Why so high Ping Latencies in VE LTM ?

I'm testing a mixed cluster of one physical (LTM 1600) server and one VE running on Hyper-V.

 

Both are running 12.1.2 and I got them clustered okay and I can do a failover to the VE node, but I ran across a problem with that. Specifically, if I do a continuous ping to the self-IP of the VE node when it's passive, I get consistent and low response times whether it's WAN or LAN.

 

The moment I make VE the active node for any traffic group, the ping times start to vary all over the place. Even on the LAN, it goes from < 1ms to anywhere from 1 - 500 ms and might even timeout on a few of them. Same with WAN where I was getting a consistent 65ms response when standby, but all over the place when active.

 

Any thoughts? The host machine for VE has dual 10-core Xeons and I've setup the guest machine with 8GB of RAM and 8 cores. The other guests on it aren't using much CPU at all when I've done my testing.

 

When the VE goes active, I don't see CPU activity doing much... it gets a little higher and I see the connection count rise, but nothing out of the ordinary.

 

I have VMQ's disabled everywhere (on the physical NICs as well as the virtual NIC setting) so that wouldn't be the problem. Plus, it's just strange that it only happens when it goes active.

 

I should try pinging the floating IP as well but it's probably the same. I first noticed it when pinging a virtual IP of one of my vservers and saw the varied latency, so the floating IP is probably doing the same thing.

 

FYI, I was using just plain GARP at first but switched to MAC Masquerading to see if that helped, but no difference. Besides, that wouldn't/shouldn't affect ping times to the self-IP.

 

It really just seems like something in the network stack on the underlying Linux is having a hard time... it'd be great to find out if this is common, or just a few people?

 

I don't have much experience with Hyper-V but I wanted to ask some questions that might help others help you.

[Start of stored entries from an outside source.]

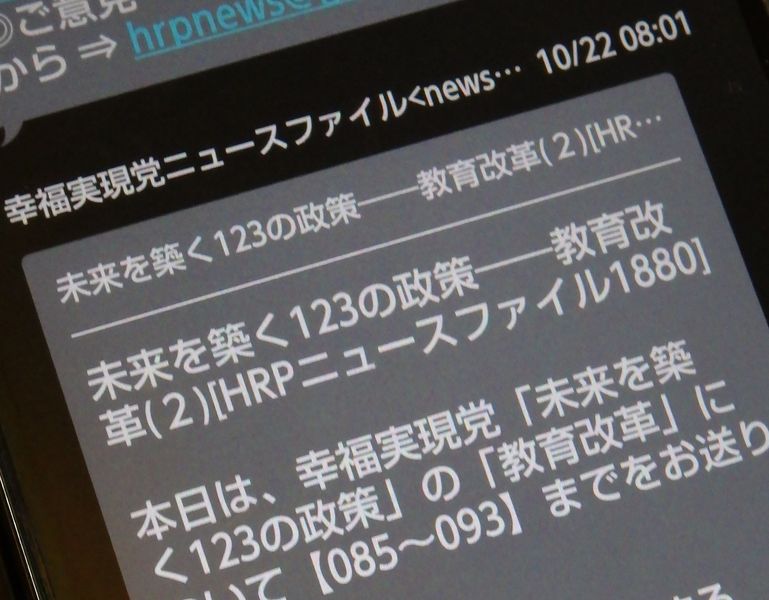 幸福実現党の違法な選挙運動用メールを受信した人は、最寄りの警察に通報しましょう。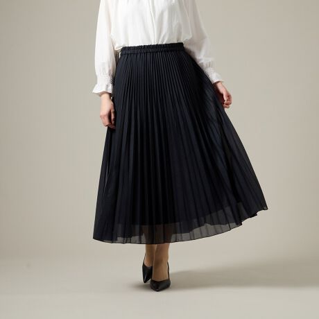 [型番:3260505]プリーツスカートは、女性らしさを引き立てる一枚。柔らかな素材感と大小違うピッチで加工した親子プリーツの綺麗な揺れ感が魅力です。ウエストはゴム仕様で着心地もよく快適です!シンプルなデザインだから、どんなトップスとも合わせやすく、様々なスタイリングを楽しめます。華やかさを演出したい日はもちろん、カジュアルな日常コーデにも活躍してくれます。裏付き 大きいサイズ ラクープ アルディラ#ココラーレ#cocolare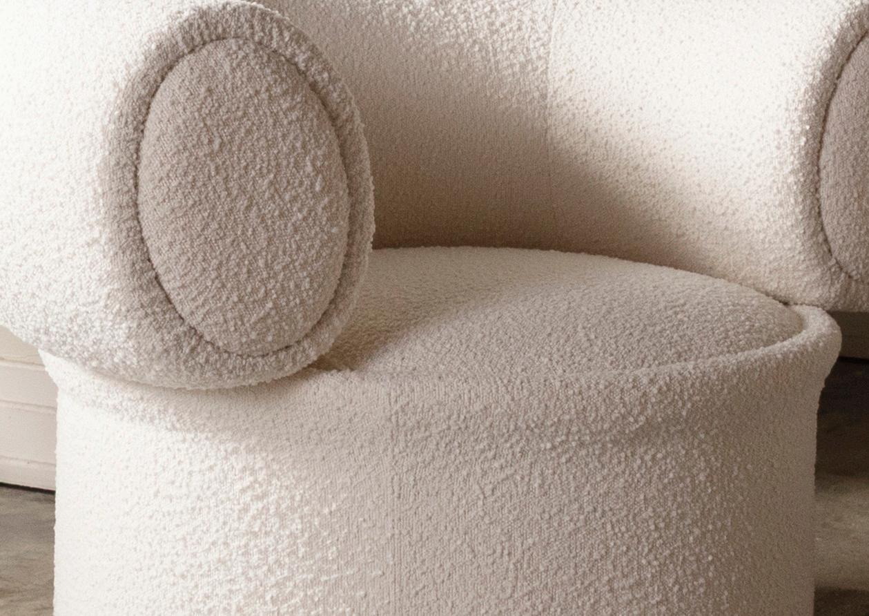 Transform your home with our modern TUBE armchair, seamlessly blending style and comfort. Its rounded design and boucle chenille upholstery exude contemporary charm, offering luxurious relaxation.

And I'm just curious by nature, so here we go:

 

• Is there any way to lock a physical interface and to the VE?
• Is there any way to lock resources to the VE?
• When setting up a VE in VMware there are some settings that you can make concerning LRO and SR-IOV. Perhaps that could be something?
• Which modules are you running?
• You mention CPU activity on the VM, but I don't see any references to memory?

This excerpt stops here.